*** Opening Provided data ***
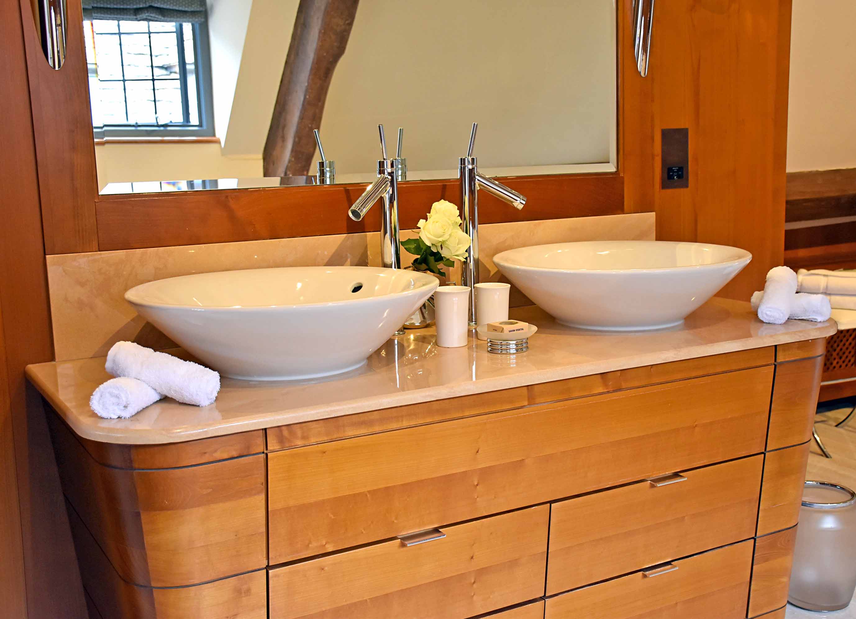 That bathrooms is lovely! I love the gorgeous rustic wooden look to the place.
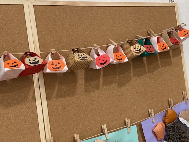 ではなく、お菓子を入れて配る用のカワイイ箱作りを行いました♪
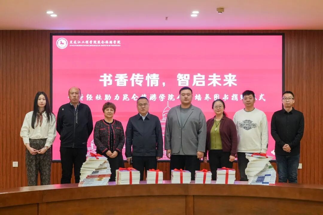 12月17日上午,中国财政经济出版社图书捐赠仪式在学校群观楼614会议室举办。中国财政经济出版社教材分社黑龙江省策划编辑、重点选题负责人谷文,哈尔滨世纪千华图书有限责任公司刘丹军、金鑫,我校党委副书记、副校长武录齐及教务处、图书馆、资产处等相关部门负责人出席仪式。仪式由武录齐主持。
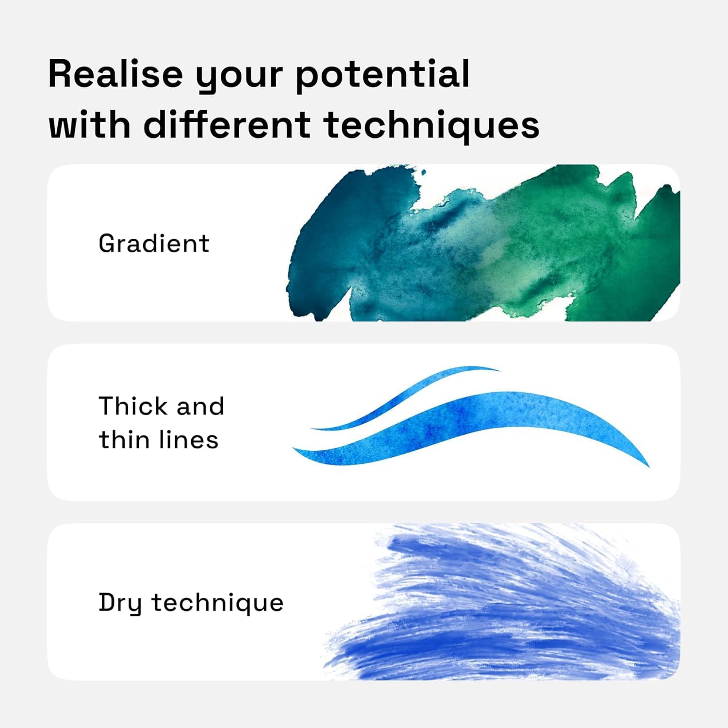 - HIGH QUALITY NYLON PAINTBRUSHES: The nylon brushes on these watercolor brush pens have 0.05-5 mm tips that are self-moistening, self-cleaning, and won't fracture. No need to wet the brushes, just paint and go!
*** Closing Provided data ***
> Exercise objective
Could every line above be set down exactly, with the pictures omitted?

> Output of the task
 That bathrooms is lovely! I love the gorgeous rustic wooden look to the place.
 ではなく、お菓子を入れて配る用のカワイイ箱作りを行いました♪
 12月17日上午,中国财政经济出版社图书捐赠仪式在学校群观楼614会议室举办。中国财政经济出版社教材分社黑龙江省策划编辑、重点选题负责人谷文,哈尔滨世纪千华图书有限责任公司刘丹军、金鑫,我校党委副书记、副校长武录齐及教务处、图书馆、资产处等相关部门负责人出席仪式。仪式由武录齐主持。
 - HIGH QUALITY NYLON PAINTBRUSHES: The nylon brushes on these watercolor brush pens have 0.05-5 mm tips that are self-moistening, self-cleaning, and won't fracture. No need to wet the brushes, just paint and go!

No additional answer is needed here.